→ **TASK DESCRIPTION**: Would you return the lines that run from the start of the data below to the line with "Dreyoo Outdoor Cat", both included, exactly as written and without pictures?

→ **RECORDS FOR PROCESSING**:

[Start of Attachment]

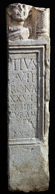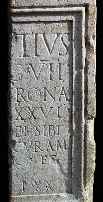 - [C(aius) Lucr]etius / [signif(er)? le]g(ionis) VII / [C(laudiae) p(iae) f(idelis) dom(o) V]erona / [an(norum) XLV stip(endiorum)] XXVI / [de suo peculi]o f(aciendum) i(ussit) sibi / [et Primo suo] curam / [egerunt frate]r et / [Chrestus lib(ertus) / in fr(onte) p(edes) X in agr(o)] p(edes) XX
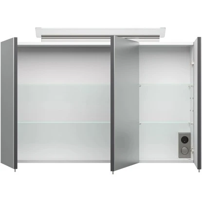 Der Posseik Spiegelschrank mit LED-Acrylglaslampe lässt sich dank seiner feuchtigkeitsresistenten Oberflächen besonders leicht und schnell pflegen. Durch 3 Spiegelfronten, die mit kaum sichtbaren Stiftgriffen geöffnet werden, wird der Raum optisch erweitert und der Schrank kann seine zurückhaltende Eleganz entfalten.In den durch 4 Glas-Einlegeböden eingeteilten 6 Fächern lassen sich problemlos Zahnputzzeug, Make-up oder Handcreme unterbringen. Dort befindet sich eine praktische Steckdose, um Fön und Rasierer anzuschließen. Auch das Softclose-System der Türen erweist sich im alltäglichen Gebrauch als angenehm nützlich.
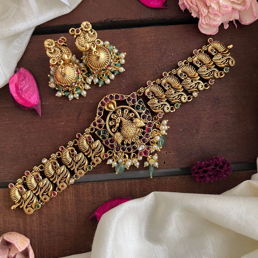 Elevate your style with our Designer Peacock High Neck Choker. Crafted with exquisite aqua green beads and pearls, this statement piece exudes elegance and sophistication. Inspired by the majestic peacock, it is the perfect accessory to add a touch of luxury to any outfit.
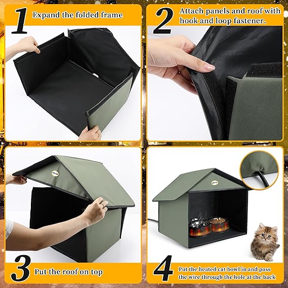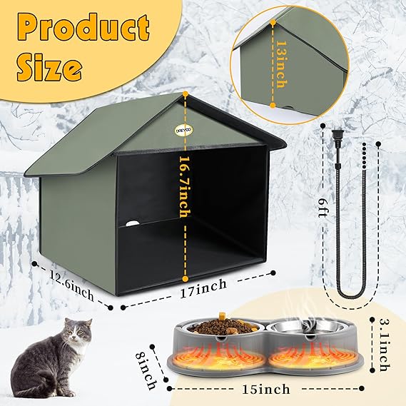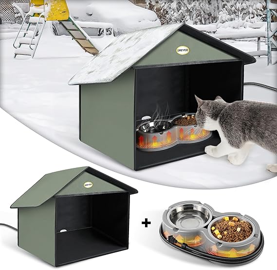 Dreyoo Outdoor Cat Feeding Station with Heated Cat Water Bowl, Weatherproof Kitty Dining Room Outdoor with Heated Pet Bowl for Food and Water, Feral Cat Feeding Station Cat Shelter(Grey)
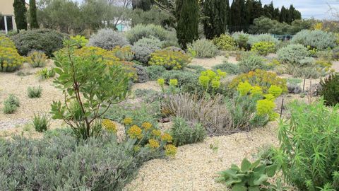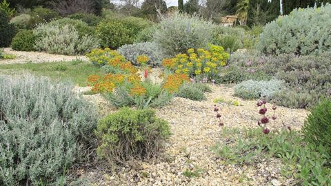 - Le jardin de démonstration, ouvert sur rendez-vous, permet d'étudier les plantes, leur comportement. Coussins végétaux, couvre-sols tapissants, arbustes créent des strates de hauteurs et de formes différentes en un mini-paysage vallonné sillonné d'allées. Le terrain argileux ne convenant pas, le pépiniériste a créé des buttes et des chemins favorisant le drainage. La faible densité de plantation permet à chaque végétal de s'exprimer et offre l'opportunité aux jeunes pousses de se développer. Cette dynamique naturelle est augmentée par le paillage minéral, qui renforce l'espèce plantée en recréant son milieu d'origine (caillouteux) tout en limitant les adventices traditionnelles. Par exemple, dans le jardin d'Olivier Filippi, un seul pied d'Euphorbia rigida et un seul pied d'Euphorbia characias ont été installés : tous les autres individus sont arrivés par semis. Le travail du jardinier consiste alors non plus à planter, mais à arracher ici et là les sujets dont il ne veut pas et à laisser se développer les autres. « Cette approche libère le potentiel créatif du jardinier amateur, puisque le paysage se construit année après année, au fur et à mesure de son évolution. » Ainsi, non seulement le jardin méditerranéen permet de s'affranchir de l'arrosage et des opérations d'entretien habituelles, mais en plus il rassure face à la peur de l'échec celui qui y travaille et s'en occupe.
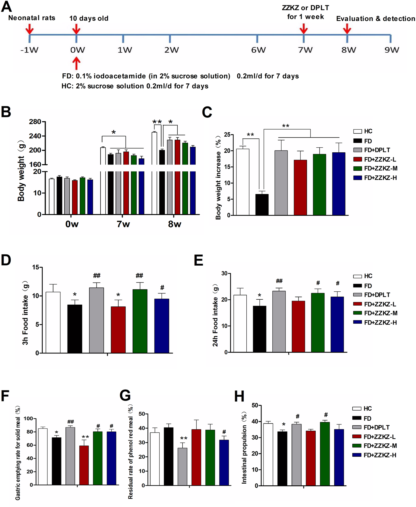 ZZKZ promoted weight gain, food intake, gastric emptying and intestinal propulsion in FD rats. (A) The study protocol of FD models and treatment. (B) Changes in body weight, and (C) body weight gain in the week after ZZKZ treatment in different groups. N = 6–8; *p < 0.05, **p < 0.01 (D–E) Food intake in different groups, including quick eating (3-h food intake) and total ingestion (24-h food intake). N = 6–8; *p < 0.05 vs. HC; #p < 0.05, ##p < 0.01 vs. FD. (F) Gastric emptying rate for the solid meal, (G) residual rate of phenol red meal, and (H) intestinal propulsion rate in different groups. N = 6–8; *p < 0.05, **p < 0.01 vs. HC; #p < 0.05, ##p < 0.01 vs. FD.
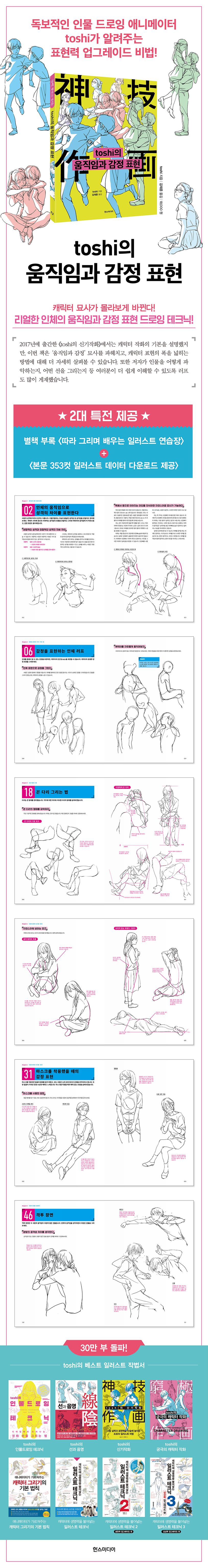 판매 누계 30만 부를 돌파한 인기 애니메이터인 toshi의 9번째 작법서. 이 책은 인물을 자세히 관찰하면서 인물 묘사는 물론이고 동작과 감정 표현을 어떻게 파악하는지, 어떻게 표현하면 좋은지를 함께 배우는 내용이다. 《toshi의 신기작화》에서는 캐릭터 작화의 기본을 설명했지만, 이번 책은 ‘움직임과 감정’ 묘사를 파헤치고, 캐릭터 표현의 폭을 넓히는 방법에 대해 더 자세히 살펴볼 수 있다.
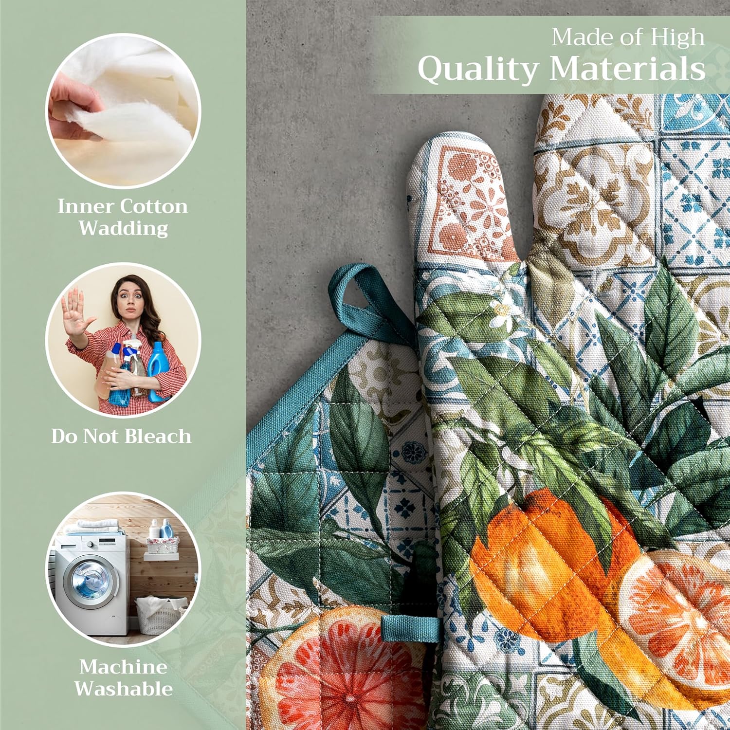 Maison d' Hermine 100% Cotton Oven Mitt & Pot Holder Set (7.5"x13" & 8"x8") Heat Resistant BBQ Cooking Gloves with Loop, Baking, Grilling, Kitchen, Handling Hot Pans Spring/Summer (Agrume)
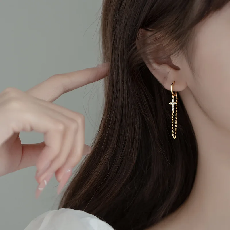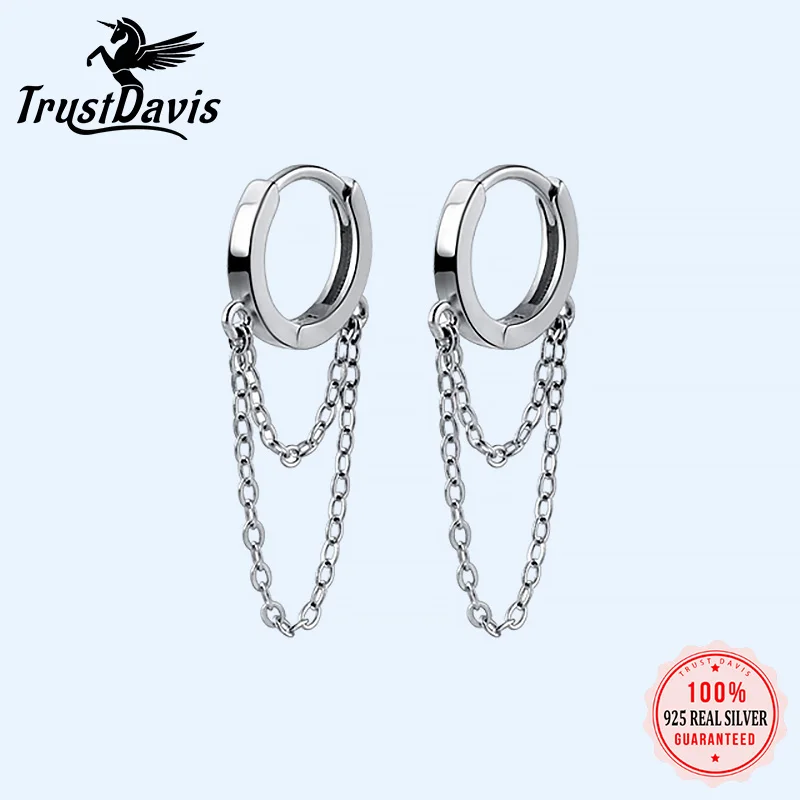 Trustdavis минималистичные серьги-Клипсы из серебра 925 пробы с двойным слоем цепи для женщин Свадебные украшения подарок DA544

[End of Attachment]

→ **ANSWER SPACE**:
 - [C(aius) Lucr]etius / [signif(er)? le]g(ionis) VII / [C(laudiae) p(iae) f(idelis) dom(o) V]erona / [an(norum) XLV stip(endiorum)] XXVI / [de suo peculi]o f(aciendum) i(ussit) sibi / [et Primo suo] curam / [egerunt frate]r et / [Chrestus lib(ertus) / in fr(onte) p(edes) X in agr(o)] p(edes) XX
 Der Posseik Spiegelschrank mit LED-Acrylglaslampe lässt sich dank seiner feuchtigkeitsresistenten Oberflächen besonders leicht und schnell pflegen. Durch 3 Spiegelfronten, die mit kaum sichtbaren Stiftgriffen geöffnet werden, wird der Raum optisch erweitert und der Schrank kann seine zurückhaltende Eleganz entfalten.In den durch 4 Glas-Einlegeböden eingeteilten 6 Fächern lassen sich problemlos Zahnputzzeug, Make-up oder Handcreme unterbringen. Dort befindet sich eine praktische Steckdose, um Fön und Rasierer anzuschließen. Auch das Softclose-System der Türen erweist sich im alltäglichen Gebrauch als angenehm nützlich.
 Elevate your style with our Designer Peacock High Neck Choker. Crafted with exquisite aqua green beads and pearls, this statement piece exudes elegance and sophistication. Inspired by the majestic peacock, it is the perfect accessory to add a touch of luxury to any outfit.
 Dreyoo Outdoor Cat Feeding Station with Heated Cat Water Bowl, Weatherproof Kitty Dining Room Outdoor with Heated Pet Bowl for Food and Water, Feral Cat Feeding Station Cat Shelter(Grey)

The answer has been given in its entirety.